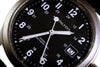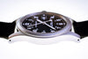 The HAMILTON Khaki Mechanical is a used, authentic hand-wound watch with a black dial.
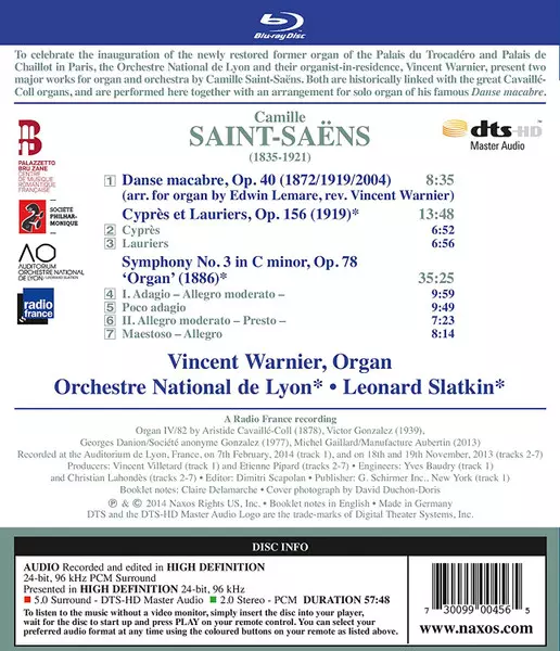 | Artiste | Camille Saint-Saëns | Leonard Slatkin | Vincent Warnier | Orchestre National De Lyon |
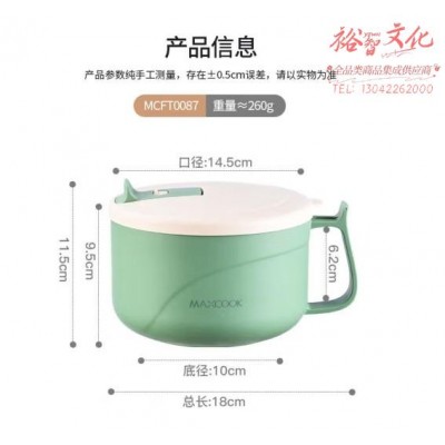 美厨(maxcook)304不锈钢泡面碗 学生饭盒餐杯泡面杯1200ML 牛油果绿MCFT0087SKU:yzwhyp991535
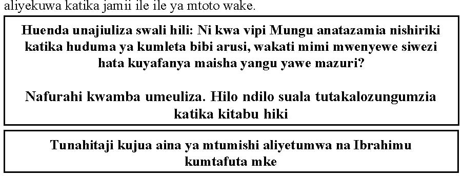 Maneno ya Mungu katika Mwanzo 24:4-9 yanasema, “bali enenda hata nchi yangu, na kwa jamaa zangu, ukamtwalie mwanangu Isaka mke. Yule mtumishi akamwambia, Labda yule mwanamke hatakubali kufuatana nami mpaka nchi hii, je! Nimrudishe mwanao mpaka nchi ulikotoka? Ibrahimu akamwambia, Ujihadhari, usimrudishe mwanangu huko. BWANA, Mungu wa mbingu, aliyenitoa katika nyumba ya babangu, na kusema nami katika nchi niliyozaliwa, aliniapia akisema, Nitawapa uzao wako nchi hii; yeye atampeleka malaika wake mbele yako, nawe utamtwalia mwanangu mke tokea huko; na yule mwanamke asipokubali kufuatana nawe, basi, utafunguliwa kiapo changu hiki; lakini usimrudishe mwanangu huko. Yule mtumishi akaweka mkono wake chini ya paja la Ibrahimu bwana wake, akamwapia katika neno hilo.”
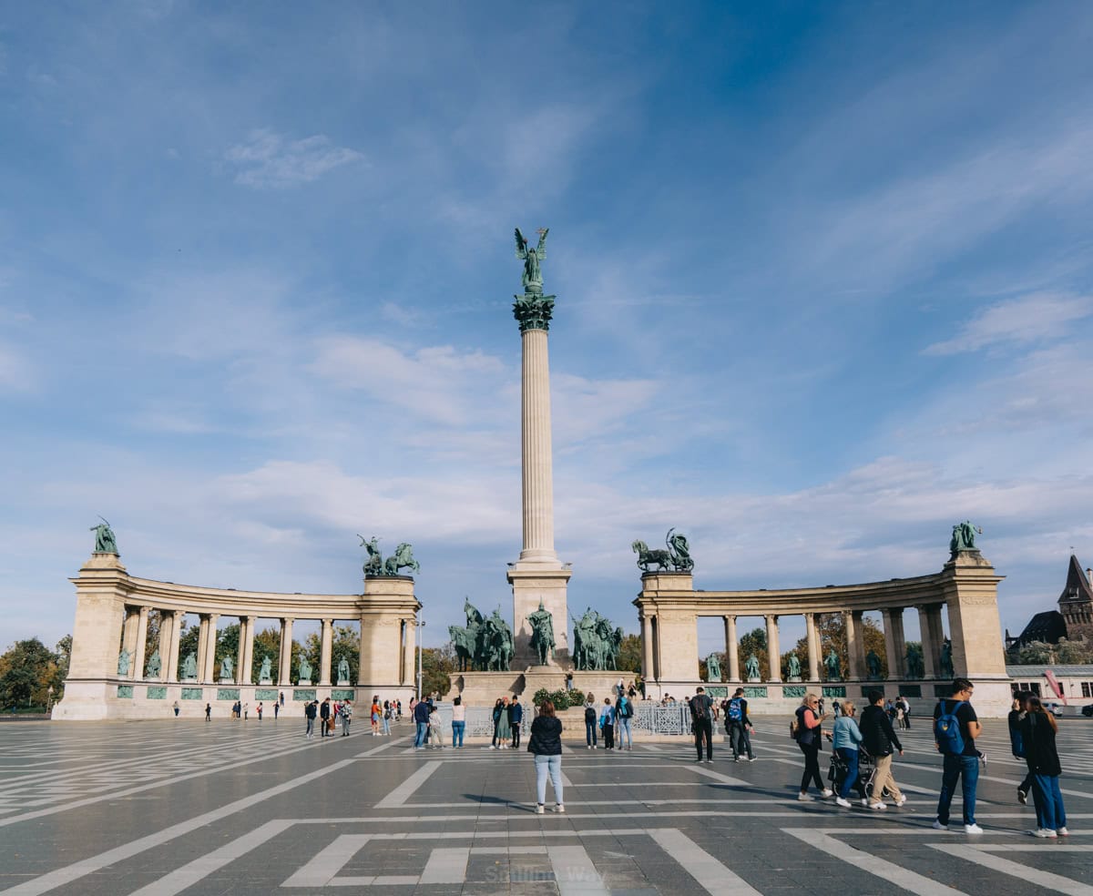 Kousek od baziliky svatého Štěpána nasedněte na historickou tramvaj M1 a svezte se k náměstí Hrdinů (Hősök tere). Jeho dominantou je památník Tisíciletí (Millenniumi emlékmű).
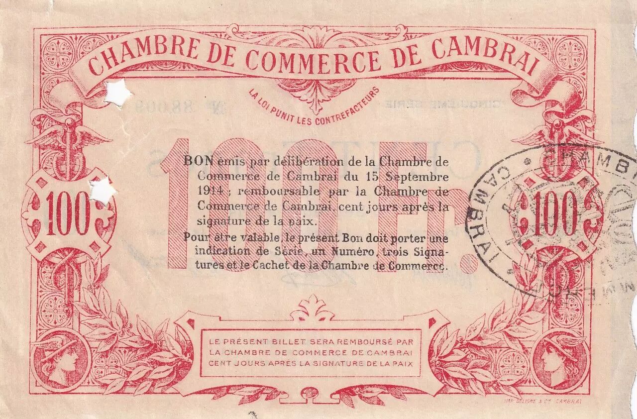 The reverse of the note displays the inscription "CHAMBRE DE COMMERCE DE CAMBRAI", repeated, as well as the clause concerning reimbursement: "The present note will be reimbursed by the Chamber of Commerce of Cambrai one hundred days after the signing of the peace."
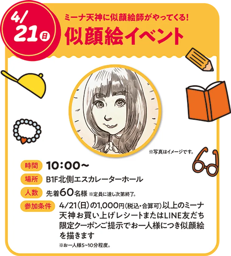 当日、ミーナ天神内でお買い物された1,000円(税込・合算可)以上のレシート、またはLINE友だち限定クーポンをご提示でお一人様につき似顔絵を描きます。
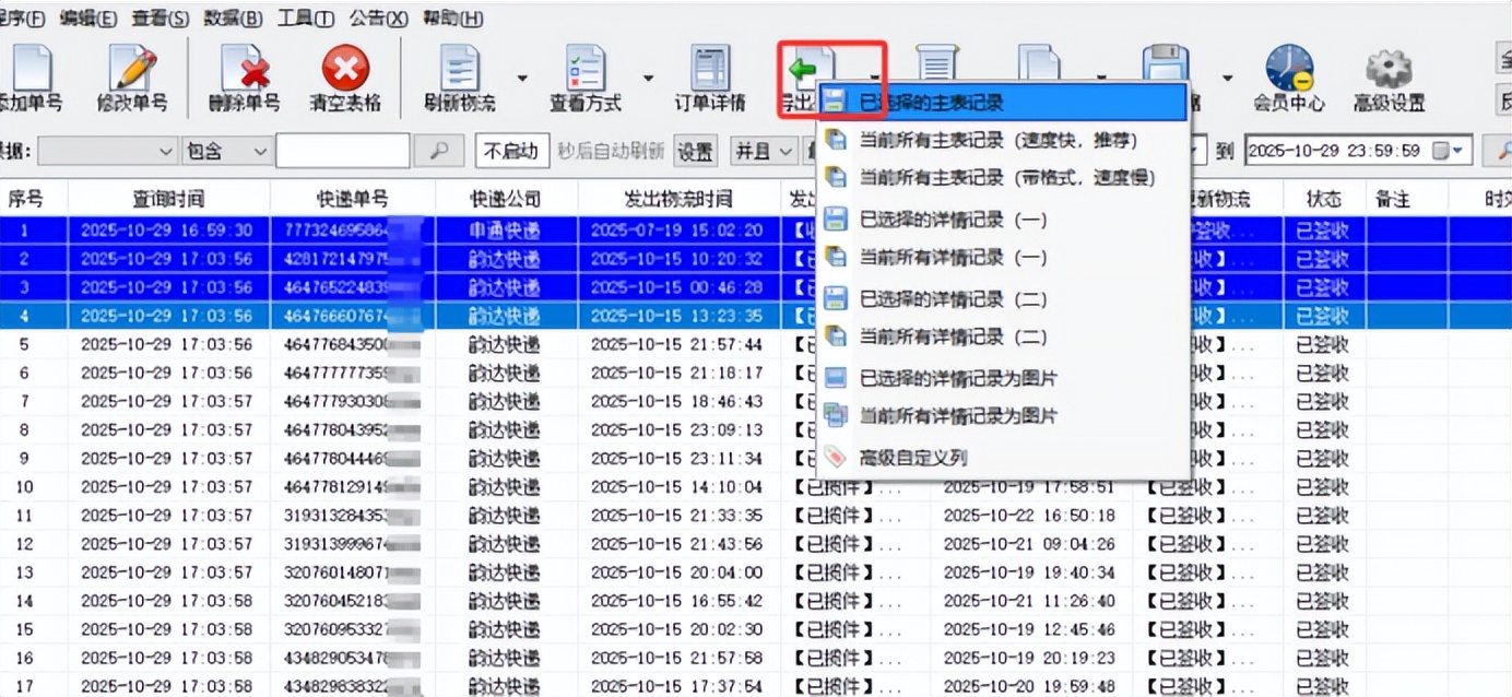 先选中那些已经签收了的需要导出的件,接着点击那个写着“导出表格”的按钮,然后选择以Excel或者CSV这种格式保存到本地,以此来方便后续做进一步的统计分析,或者是存档以供日后查阅 。
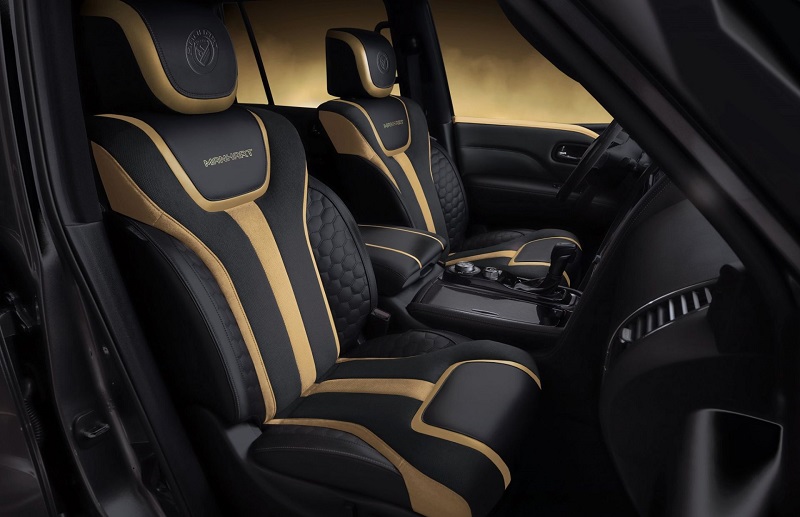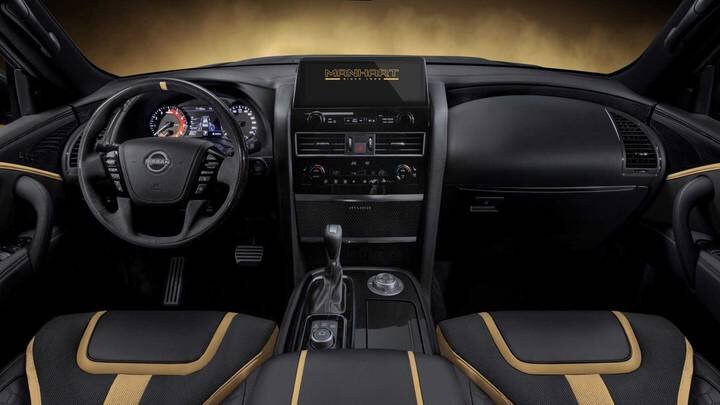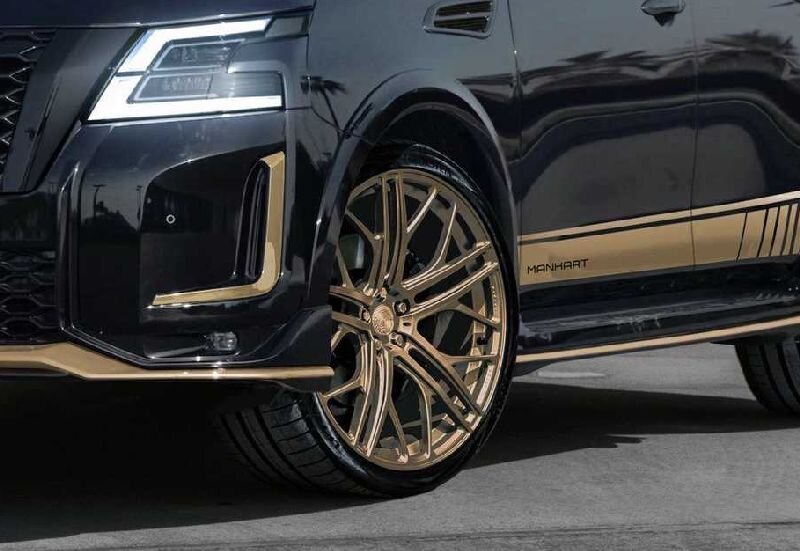 پاترول حاضر در پروژه جذاب منهارت، نسخه اسپرت نیسمو است که فیسلیفت آن سال گذشته رونمایی شد. از لحاظ طراحی همانند پروژههای پیشین منهارت، نیسان پاترول هم به خاطر ترکیب رنگ مشکی و طلایی، جلوه خاصی دارد. مکمل این ترکیب رنگ زیبا، رینگهای طلایی غول پیکر ۲۴ اینچی هستند.
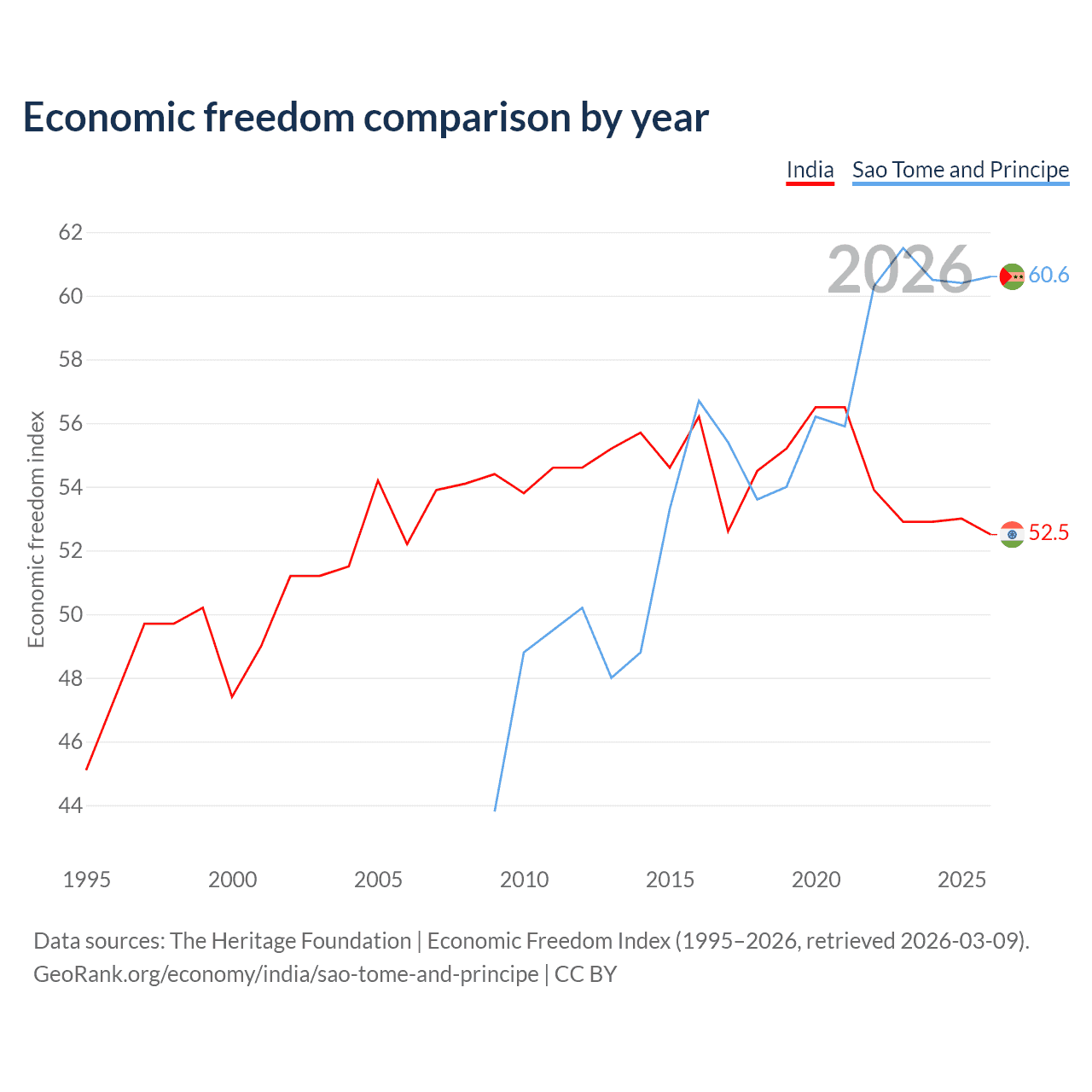 The Economic Freedom Index for India is 53, ranking 143/197, compared to 60.4 for Sao Tome and Principe, ranking 93/197. The chart below displays a comparison of annual changes in economic freedom indexes.

Work required: Everything in the data must be printed verbatim except the pictures.

Response to the exercise:
 The HAMILTON Khaki Mechanical is a used, authentic hand-wound watch with a black dial.
 | Artiste | Camille Saint-Saëns | Leonard Slatkin | Vincent Warnier | Orchestre National De Lyon |
 美厨(maxcook)304不锈钢泡面碗 学生饭盒餐杯泡面杯1200ML 牛油果绿MCFT0087SKU:yzwhyp991535
 Maneno ya Mungu katika Mwanzo 24:4-9 yanasema, “bali enenda hata nchi yangu, na kwa jamaa zangu, ukamtwalie mwanangu Isaka mke. Yule mtumishi akamwambia, Labda yule mwanamke hatakubali kufuatana nami mpaka nchi hii, je! Nimrudishe mwanao mpaka nchi ulikotoka? Ibrahimu akamwambia, Ujihadhari, usimrudishe mwanangu huko. BWANA, Mungu wa mbingu, aliyenitoa katika nyumba ya babangu, na kusema nami katika nchi niliyozaliwa, aliniapia akisema, Nitawapa uzao wako nchi hii; yeye atampeleka malaika wake mbele yako, nawe utamtwalia mwanangu mke tokea huko; na yule mwanamke asipokubali kufuatana nawe, basi, utafunguliwa kiapo changu hiki; lakini usimrudishe mwanangu huko. Yule mtumishi akaweka mkono wake chini ya paja la Ibrahimu bwana wake, akamwapia katika neno hilo.”
 Kousek od baziliky svatého Štěpána nasedněte na historickou tramvaj M1 a svezte se k náměstí Hrdinů (Hősök tere). Jeho dominantou je památník Tisíciletí (Millenniumi emlékmű).
 The reverse of the note displays the inscription "CHAMBRE DE COMMERCE DE CAMBRAI", repeated, as well as the clause concerning reimbursement: "The present note will be reimbursed by the Chamber of Commerce of Cambrai one hundred days after the signing of the peace."
 当日、ミーナ天神内でお買い物された1,000円(税込・合算可)以上のレシート、またはLINE友だち限定クーポンをご提示でお一人様につき似顔絵を描きます。
 先选中那些已经签收了的需要导出的件,接着点击那个写着“导出表格”的按钮,然后选择以Excel或者CSV这种格式保存到本地,以此来方便后续做进一步的统计分析,或者是存档以供日后查阅 。
 پاترول حاضر در پروژه جذاب منهارت، نسخه اسپرت نیسمو است که فیسلیفت آن سال گذشته رونمایی شد. از لحاظ طراحی همانند پروژههای پیشین منهارت، نیسان پاترول هم به خاطر ترکیب رنگ مشکی و طلایی، جلوه خاصی دارد. مکمل این ترکیب رنگ زیبا، رینگهای طلایی غول پیکر ۲۴ اینچی هستند.
 The Economic Freedom Index for India is 53, ranking 143/197, compared to 60.4 for Sao Tome and Principe, ranking 93/197. The chart below displays a comparison of annual changes in economic freedom indexes.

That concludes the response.